Posters, and supporters, of Shiite cleric Muqtada al-Sadr. [Nir Rosen]

Nir Rosen stays out of the Green Zone. Instead, he lives and reports from what he calls the “Red Zone,” i.e., the rest of the country.

In the three years he’s spent there since the start of the war, he has been much closer to the heart of the conflict than just about any other foreign reporter. He looks Middle Eastern and speaks Iraqi Arabic, so he can pass for a native. He has a network of close friends in Baghdad’s most dangerous neighborhoods, so he can go places that aren’t safe for westerners (but really aren’t safe for anyone else, either).

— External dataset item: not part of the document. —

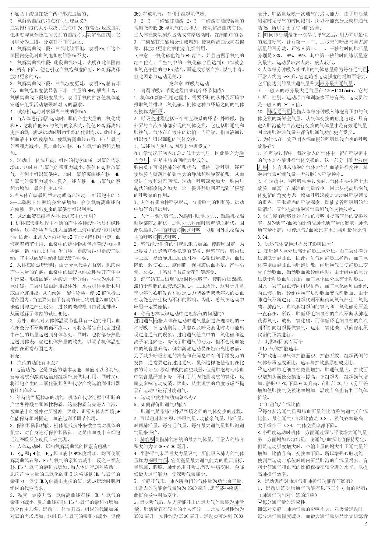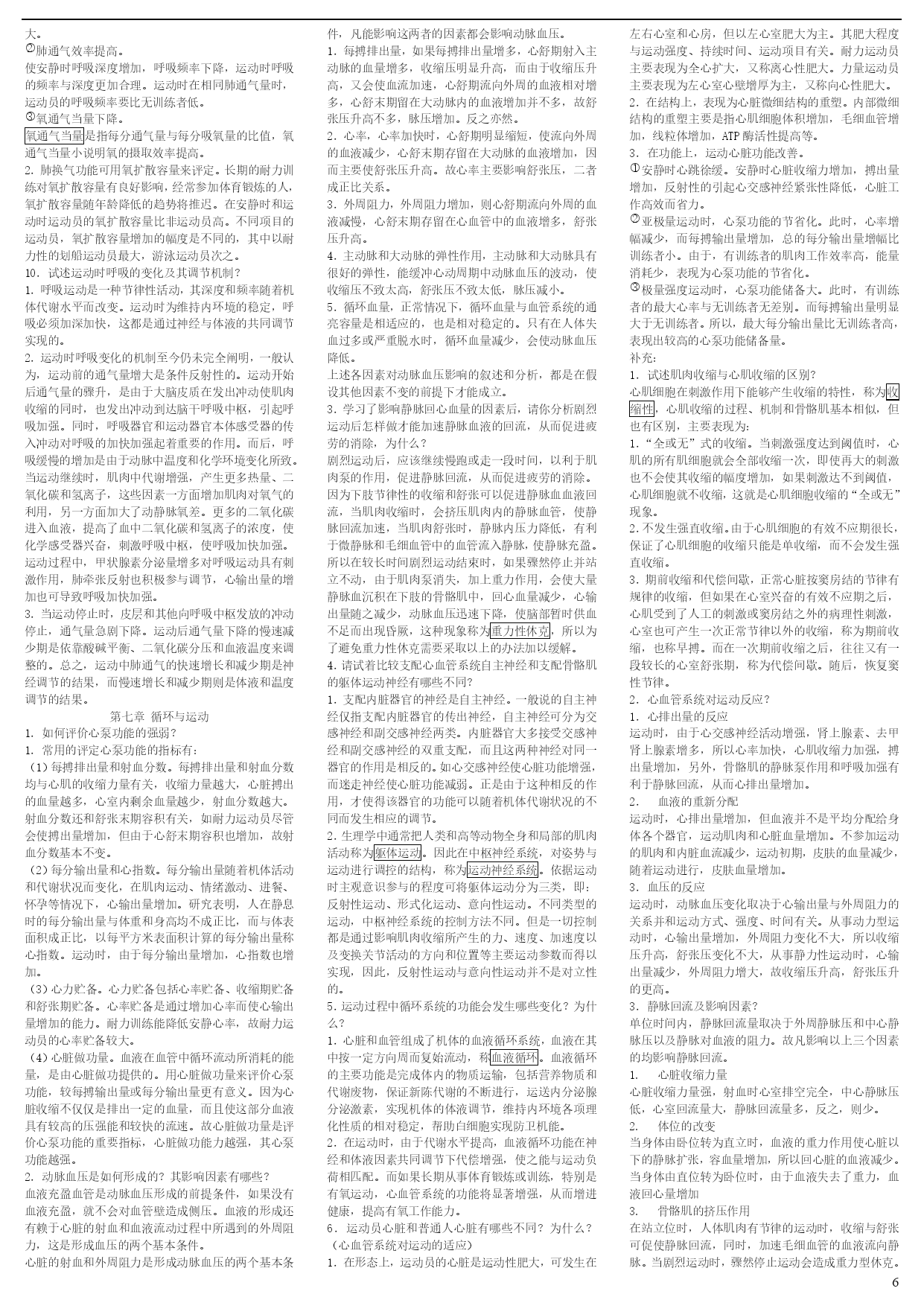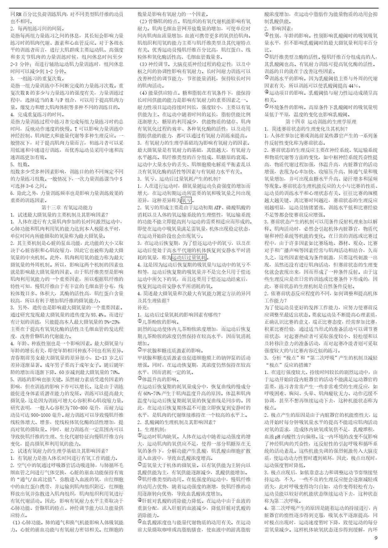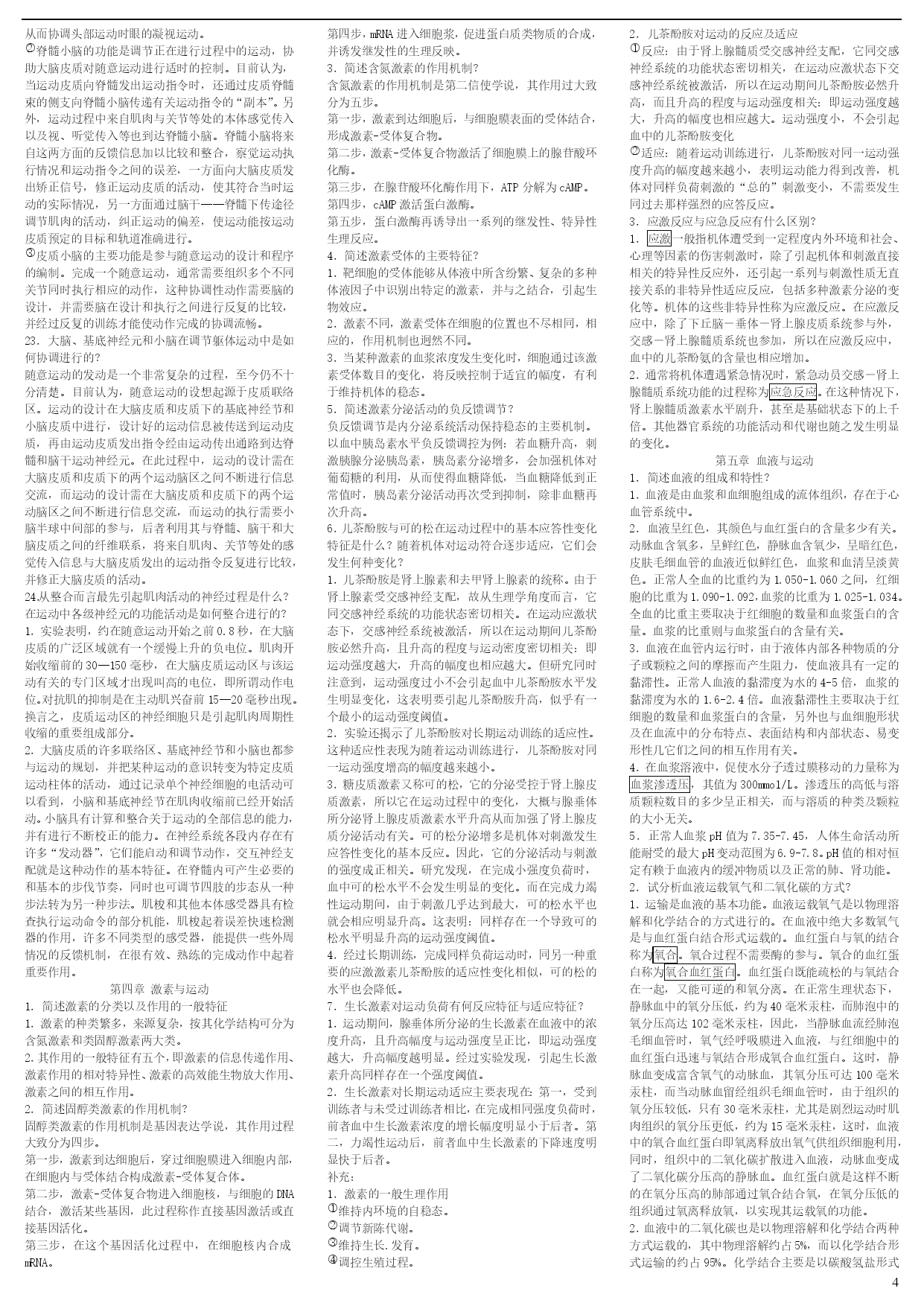 PAGEPAGE13肌肉活动的能量供应1.能量与生命的关系如何,是怎样实现的?人体生命活动是一个消耗能量的过程,而肌肉活动又是消耗能量最多的一种活动形式。运动时,人体不能直接利用太阳能、电能等各种物理形式的能量,只能直接利用储存在高能化合物三磷酸腺苷分子中蕴藏的化学能,与此同时糖、脂肪、蛋白质则可通过各自的分解代谢,将储存在分子内部的化学能逐渐释放出来,并使部分能量转移和储存到ATP分子之中,以保证ATP供能的持续性。2.不同运动中ATP供能与间接能源的动用关系?1.ATP是人体内一切生命活动能量的直接来源,而能量的间接来源是指糖、脂肪和蛋白质。2.糖是机体最主要,来源最经济,供能又快速的能源物质,一克糖在体内彻底氧化可产生4.1千卡的热量,机体正常情况下有60%的热量由糖来提供。3.在进行剧烈运动时,糖进行无氧分解供能,1分子的糖原或葡萄糖可产生3-2分子的ATP,可利用的热量不到糖分子结构中重热量的5%,能量利用率很低,但产能速率很高。4.在进行强度不是太大的运动时,糖进行有氧分解供能,此时1分子的糖原或葡萄糖可生成39-38分子的ATP,糖分子结构中的热量几乎全部可以被利用,但产能速率较低。5.脂肪是一种含热量最多的营养物质,1克脂肪在体内彻底氧化可产生9.3千卡的热量,他是长时间肌肉运动的重要能源。6.体内脂肪首先通过脂肪动员,分解为甘油和脂肪酸。甘油经系列反应步骤,可循糖代谢途径氧化,由于肌肉内缺乏磷酸甘油激酶,故甘油直接为肌肉供能的意义不大。脂肪酸进入细胞后,在线粒体外膜活化,经肉碱转运至内膜,再经ß氧化逐步生成乙酰辅酶,之后经三羧酸循环逐步释放出大量能量供ADP再合成ATP,此过程是脂肪氧化分解供能的主要途径。蛋白质分解供能是由氨基酸代谢实现的,但蛋白质分解供能很不经济,故一般情况不作为主要供能物质。3.三种能源系统为什么能满足不同强度的运动需要?这是由他们各自的供能特点所决定的。1.磷酸原系统的供能特点:供能总量少,持续时间短,功率输出最快,不需要氧,不产生乳酸类等中间产物。所以磷酸原系统是一切高功率输出运动项目的物质基础,数秒钟内要发挥最大能量输出,只能依靠ATP-CP系统。如短跑、投掷、跳跃、举重等运动项目。此外,测定磷酸原系统的功率输出还是评定高功率运动项目训练效果和训练方法的一个重要指标。2.乳酸能系统的供能特点:供能总量较磷酸原系统多,持续时间短,功率输出次之,不需要氧,终产物是导致疲劳的物质乳酸。乳酸能系统供能的意义在于,保证磷酸原系统最大供能后仍能维持数十秒快速供能,以应付机体短时间内的快速需要。如400米跑、100米跑等,血乳酸水平是衡量乳酸能系统供能能力的最常用的指标。3.有氧氧化系统供能特点:ATP生成量很大,但速率很低,持续的时间很长,需要氧的参与,终产物是水和二氧化碳,不产生乳酸类的副产品。有氧氧化系统是进行长时间活动的物质基础。如3000米跑、马拉松等。最大摄氧量和无氧阈等是评定有氧工作能力的主要生理指标。4.糖作为能源物质为什么要优于脂肪,蛋白质为何不是主要能源?1.糖作为能源物质优于脂肪和蛋白质是由其特点决定的。2.在满足不同强度运动时,既可以有氧分解供能,也可以无氧分解供能,在参与供能时动员快、消耗的氧量少、能量产生的效率高。因此,糖是肌肉活动时最重要的能源物质,而且机体正常情况下有60%的热量由糖来提供。蛋白质的分解供能是由氨基酸代谢实现的,体内不是所有氨基酸都能参与分解供能,由于肌肉内含有丰富的转氨酶,通过脱氨基和氧化等复杂过程,转变成丙酮酸等,这些物质再通过不同途径参与三羧酸循环的氧化分解供能。蛋白质分解供能很不经济,所以一般情况不作为主要供能物质。5.简述能量统一体理论及在体育实践中的应用意义?1.运动生理学把完全不同的运动项目所需要的能量之间,以及各能量系统供应的途径之间相互联系所形成的整体叫能量统一体。2.表现为把三个能量系统按能量输出方式的比例或按每个能量系统最大输出所能持续的时间等可分为两种表现形式,一种是以有氧和无氧供能百分比的表现形式;另一种是以运动时间为区分标准的表现形式。3.能量统一体在体育实践中的应用:人体运动能力在很大程度上取决于能量输出的供应能力。eq\o\ac(○,1)着重发展起主要作用的供能系统。能量统一体理论提示,不同的运动项目其主要的供能系统是不同的,在制定教学、训练时,应着重发展在该项活动中其主导作用的供能系统,如:短跑重点发展无氧供能系统能力,长跑应重点发展有氧供能能力。eq\o\ac(○,2)制定合理的训练计划。当确定应着重发展的供能系统之后,关键是选择有效的训练方法。若要训练一名3000米跑的运动员,应先了解该项目起主导作用的有氧系统,其次是乳酸能系统

He’s just returned to the states from another six week stint in the Red Zone, and paints a disturbing picture of sectarian strife, fear, and paranoia.

You have militias operating openly on all sides. Iraq used to be about the insurgency, but the insurgency is now just the Suni militias. They think the Americans are leaving, so now the real fight is against the Shias. And the Shias are fighting back.

Nir Rosen, in a conversation with Open Source, 5/4/06

Nir Rosen wants to talk about the Iraqi civil war – how intense it is, and how much worse he thinks it’s going to get. He wants to talk about targeted ethnic killings by Sunis against Shias and Shias against Sunis. And he wants to tell us about seeing Muqtada al-Sadr speak before an audience of ten thousand screaming fans (“It was like a Michael Jackson concert”).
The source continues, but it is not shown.